インターアメリカン・ダイアログのマーガレット・マイヤーズ氏によると、中国は海外へのソブリン融資(政府保証のある融資)が少し減ったが、それを銀行融資が埋めたという。中国輸出入銀行が今年、エクアドルに24億ドルを融資したことを挙げ、「通商と資金提供の両方を通じ、中国の経済外交は数々の門戸を押し開けた」と述べた。

米国は11月の大統領選に向けた数カ月間に対中南米政策を軌道修正したもようで、中国に対抗する一連の取り組みを打ち出したが、規模が小さ過ぎてタイミングも遅れ過ぎたとの見方が多い。

米政権幹部は「これは巨大な権力闘争だ。それが中南米を含む世界各地で繰り広げられている。われわれは戦略を持って張り合っている」と述べた。

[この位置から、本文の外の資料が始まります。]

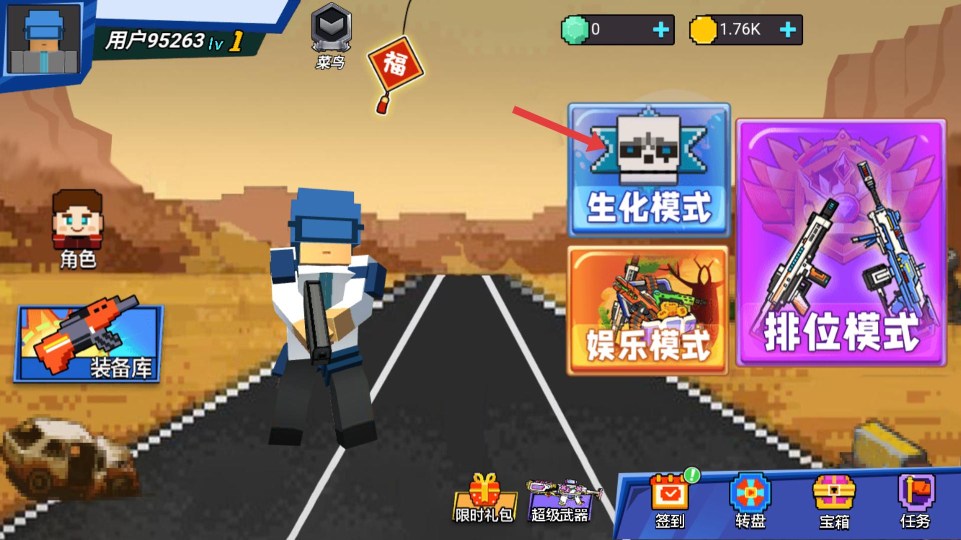 1、選擇【生化模式】,進(jìn)入對(duì)應(yīng)玩法場(chǎng)景,可體驗(yàn)與僵尸對(duì)抗的刺激戰(zhàn)斗,利用角色和裝備展開(kāi)冒險(xiǎn)。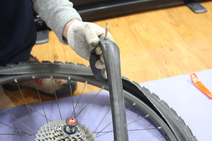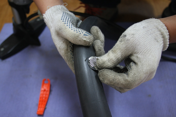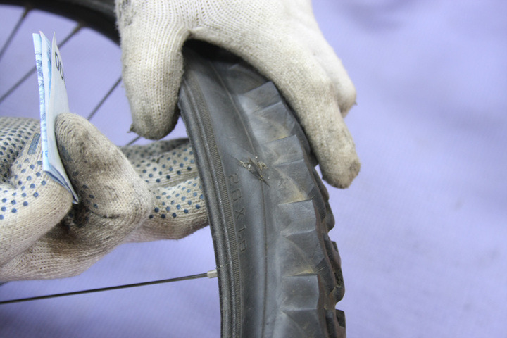 11. 이제 튜브에 패치가 붙어서 마르는 동안 타이어에서 펑크 패치를 붙인 부분을 추적하여 펑크가 발생한 원인을 찾는다. 이것 때문에 아까 8번에서 타이어의 위치를 그대로 두라고 한 것이다. 뾰족한 것이 박혀서 찔렸다면 타이어에 남은 뾰족한 물체를 제거한다. 날카로운 물체에 찔릴 수 있으니 장갑을 끼고 조심해서 작업한다. 뱀에 물린 듯한 씹힌 자국 (스네이크 바이트)이 있다면 공기압이 부족해서 바퀴가 타이어를 씹은 경우이다.

米国務省エネルギー担当次官補のフランシス・ファノン氏は、新型コロナ大流行で中南米の一部の国が、中国のような国になびいていると指摘。「新型コロナ流行が、経済面の政策判断や国民の心理に影響を与えている。各国には、これまで通り改革を指向する道を歩み続けるよう促したい」と表明。「米国は最高のパートナーだ。これまでそうだったし、これからもそうあり続ける」と述べた。